Я смеюсь, больше над собой, чем над ситуацией. Насколько извращенным должен быть человеческий разум, чтобы воспринимать реальную угрозу Тициано более чем дюжине жизней так естественно, как это делаю я? На самом деле, по-моему, это даже мило. Ах, если бы мои американские друзья могли сейчас слышать мои мысли… Они бы ужаснулись.

— Умереть для них было бы слишком просто. Я бы предпочла видеть, как они задыхаются от ненависти к тому, что им приходится иметь дело со мной, даже если это меня бесит.

— Маленькая садистка.

Я смеюсь.

— Спасибо, что заехал за мной, — не забываю поблагодарить я. — Тебе не нужно было приезжать лично.

И я это знала. Габриэлла приехала со своим водителем, и, хотя мы больше не могли ездить в одной машине, ради безопасности я могла приехать с другим водителем Кантины.

— Напротив. Я не хочу, чтобы они забывали, за кем ты замужем.

Я повернулась лицом к Тициано, вглядываясь в его профиль. Еще одна странная фраза. Я встряхиваю головой, отгоняя эту мысль. Я делаю глубокий вдох, и в нос ударяет запах кожи.

— Очень сомневаюсь, что они смогут это забыть, ведь именно за это они меня и ненавидят. — Я смеюсь. — И они продолжают присылать свадебные подарки, адресованные только тебе, так что не волнуйся, я уверена, что они не забудут.

Я делаю глубокий вдох и решаю сменить тему.

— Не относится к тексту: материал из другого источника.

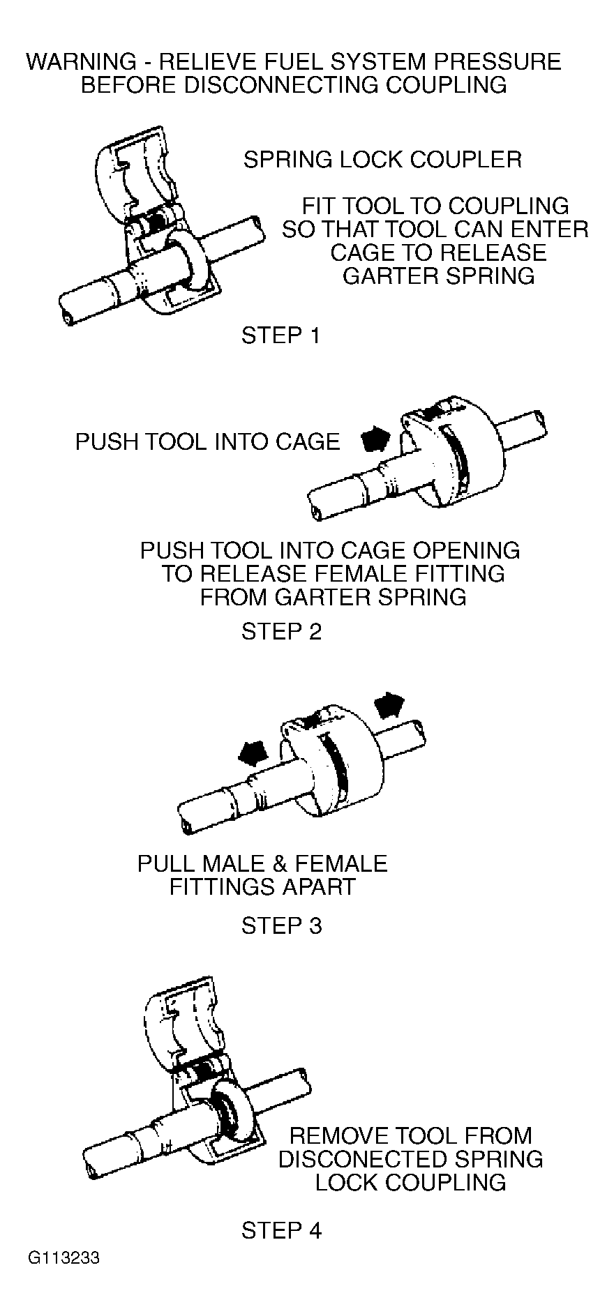 1. Release fuel pressure. See FUEL SYSTEM PRESSURE RELEASE  under FUEL SYSTEM. Place indicated spring lock coupler over coupling. See SPRING LOCK COUPLER IDENTIFICATION  table. To release female fitting from garter spring, push coupler along tube into coupling. See Fig 1 .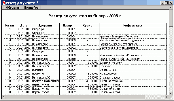 После выполнения каких-либо действий в журнале документов (например, после ввода нового документа), для приведения реестра документов в актуальное состояние достаточно дважды щелкнуть мышью кнопку «Обновить»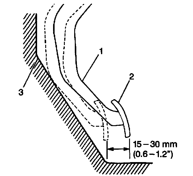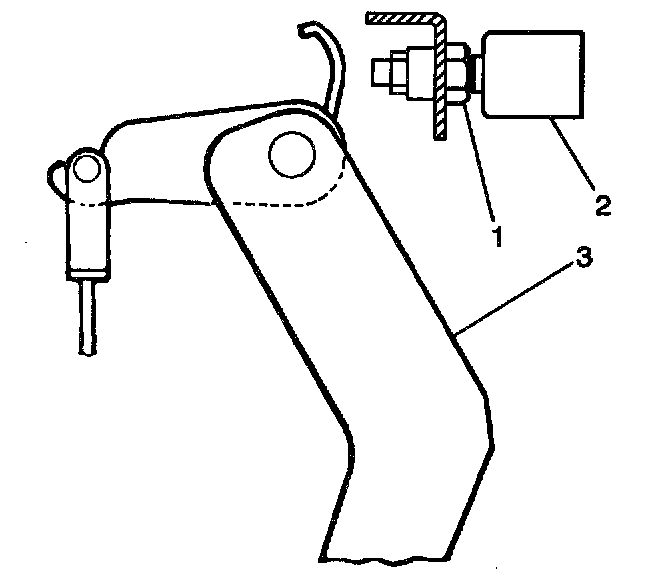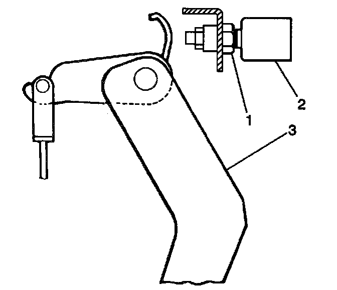 4. Depress the clutch pedal (2) to the floor (3). Return the clutch pedal 15 - 30 mm (0.6 - 1.2 inch) from the floor.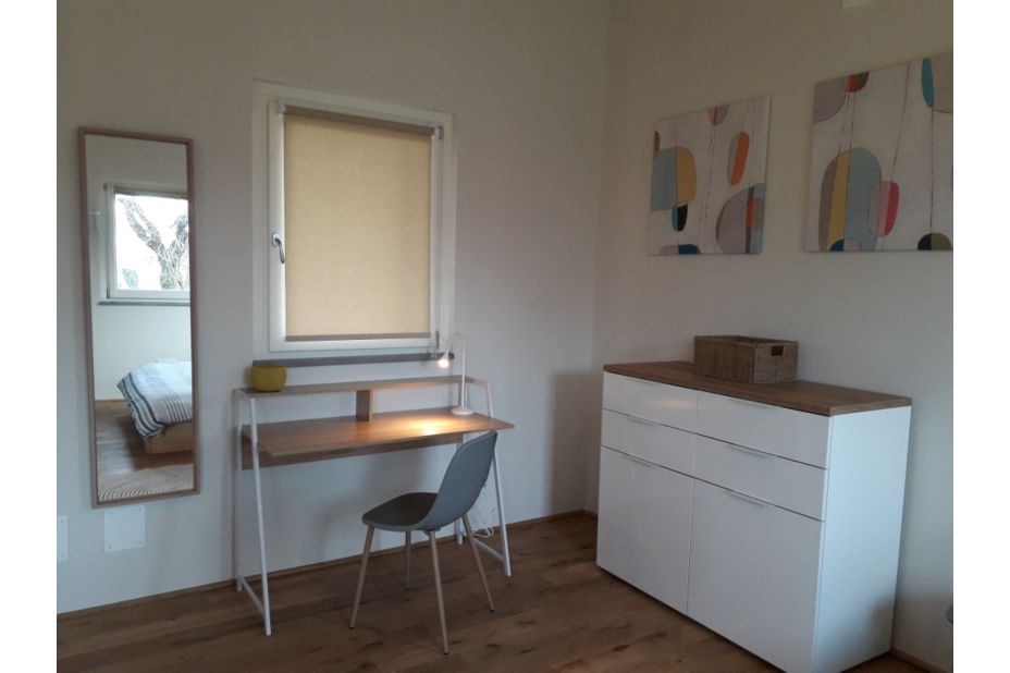 eine Leseecke und einen Schreibtisch/PC-Tisch.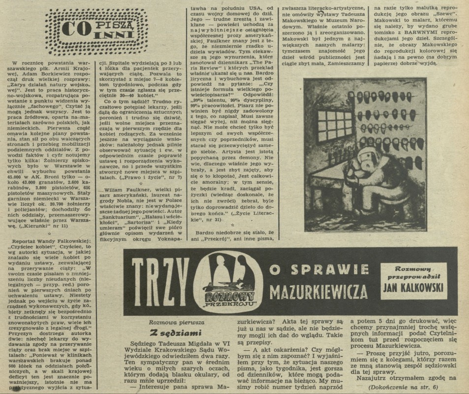 Archiwum / Co piszą inni nr 591 (32/1956) 24/1282 Podziel się Tytuł Co piszą inni Rubryka Co piszą inni Artykuł z numeru 591 (32/1956) Data wydania 5 sierpnia 1956 Tagi rocznica powstania warszawskiego Wanda Falkowska "Czyściec kobiet" Faulkner Makowski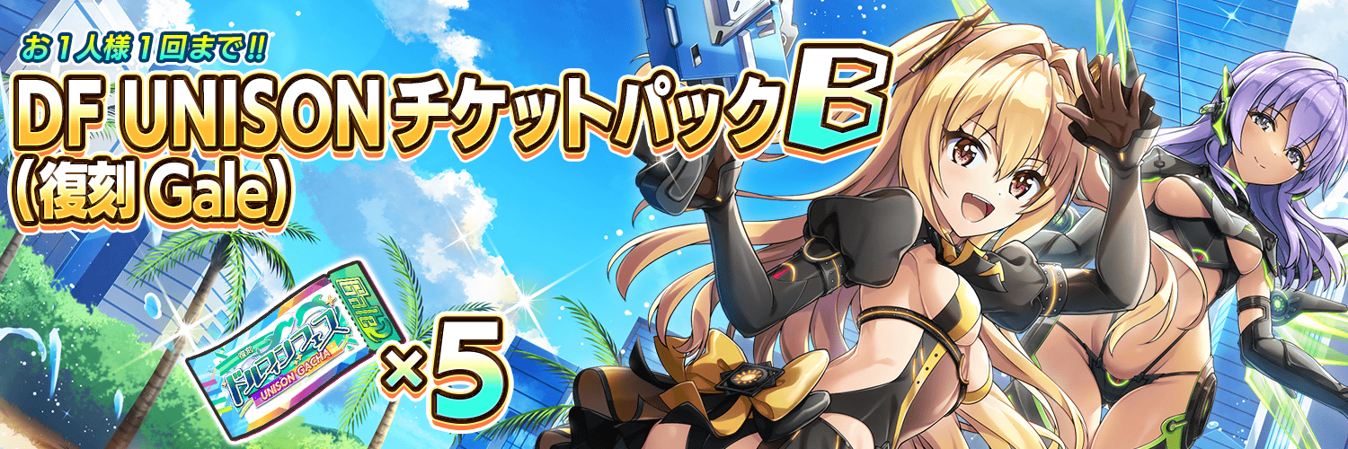 DF UNISONガチャチケット(復刻Gale)が5枚入手できます!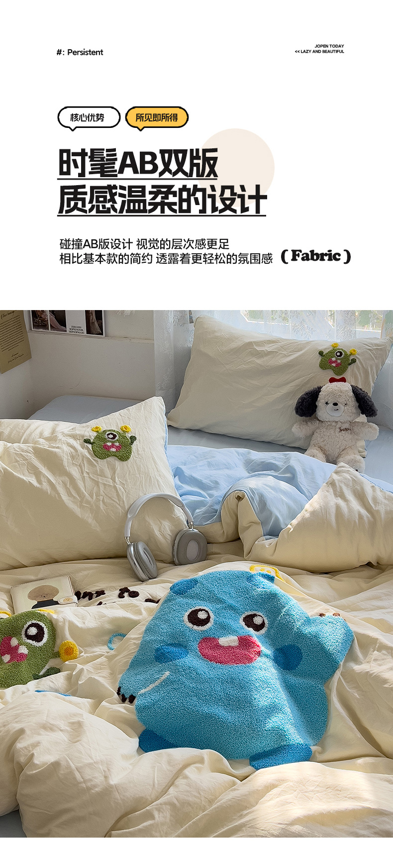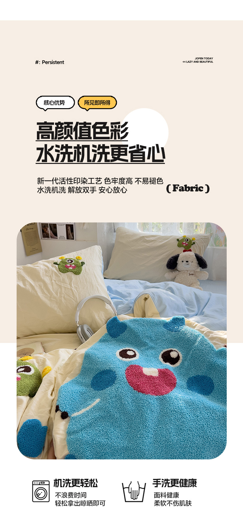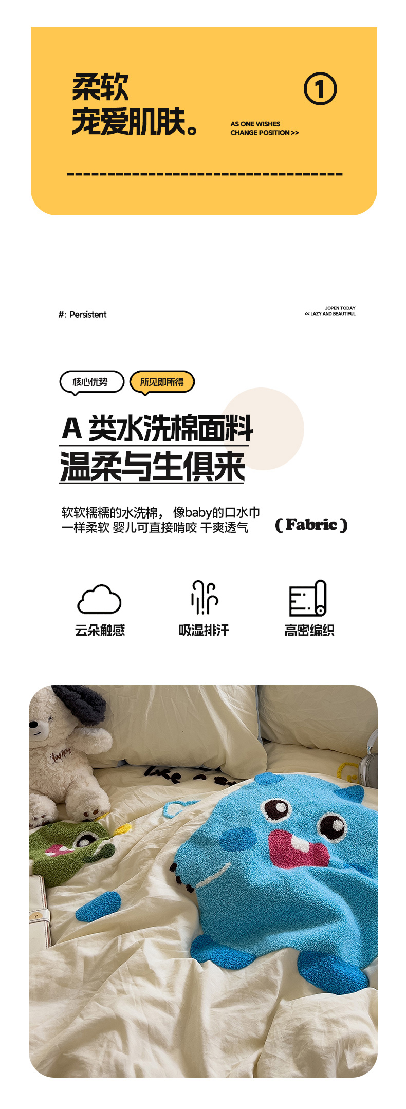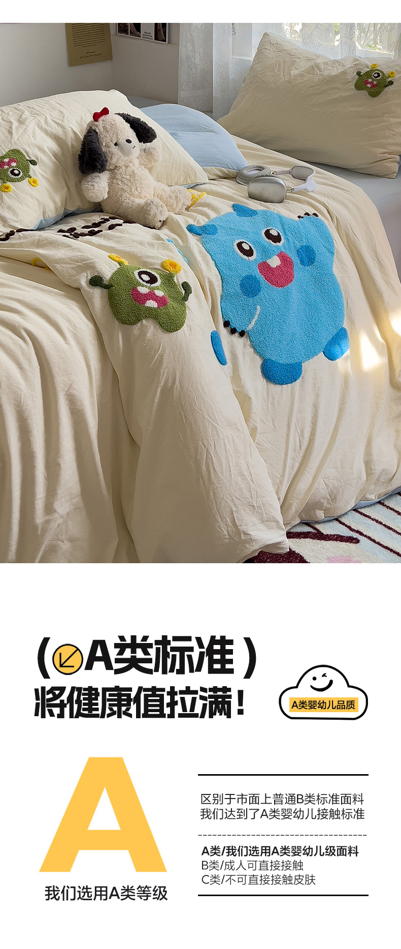 当前位置: 91家纺网 > 商品网购 > 床品套件 > 四件套 > 水洗棉四件套 > 2024新款水洗棉毛巾绣四件套系列 怪兽宝贝奶黄蓝

— Я по-прежнему предпочитаю запах лаванды.

— Даже не шути об этом, — ворчит Тициано, и я смеюсь еще сильнее.

Я провожу руками по боку машины, ощущая под пальцами мягкую текстуру. Спортивный автомобиль просторный, хотя и узкий, и так же красив внутри, как и снаружи.

Я закатила глаза, когда вышла из ресторана, заказанного для этого мероприятия, и увидела Тициано, припаркованного в этой синей феерии на другой стороне тротуара, но это не могло мне не понравиться. Габриэлла скорчила восхищенную гримасу, прежде чем сесть в бронированный внедорожник, в котором ее заставляет ездить Витторио.

— В этом есть свой шарм, признаю. Феррари для моего первого раза?

Тициано улыбается.

— Классика. Нравится выбор?

— Это 488 Spider, верно? — Мой муж снова отводит взгляд от дороги, теперь уже дольше, чем раньше, и удивление на его лице очевидно. — Я погуглила твои машины.

Я пожимаю плечами.

— Я говорила, что я любопытная. Но расскажи мне об этой. Что в ней такого особенного?

— Правда? — Спрашивает он подозрительно, как будто не верит, что я действительно хочу знать.

— Правда.

— Ну, для начала, это Ferrari.

Я смеюсь.

— Ладно, это звучит важно.

— Это важно, — заверяет он меня, уголок его рта приподнимается в забавной улыбке. Он немного ускоряется, и машина отзывается гулом, который, кажется, живет своей собственной жизнью, вибрируя под нами, как животное, готовое к прыжку. — Но не только марка делает ее особенной. 488 Spider оснащена турбодвигателем V8, одним из самых мощных в серийных автомобилях.

Он приостанавливается, бросает на меня короткий взгляд, а затем снова обращает свое внимание на дорогу.

— Это означает мгновенное ускорение, почти как при старте. Аэродинамика — еще один шедевр, каждый изгиб и каждая линия не просто эстетичны, они рассекают воздух, делая автомобиль быстрым… невероятно быстрым. А звук… — Тициано улыбается, почти про себя. — Звук двигателя — это музыка высочайшего качества.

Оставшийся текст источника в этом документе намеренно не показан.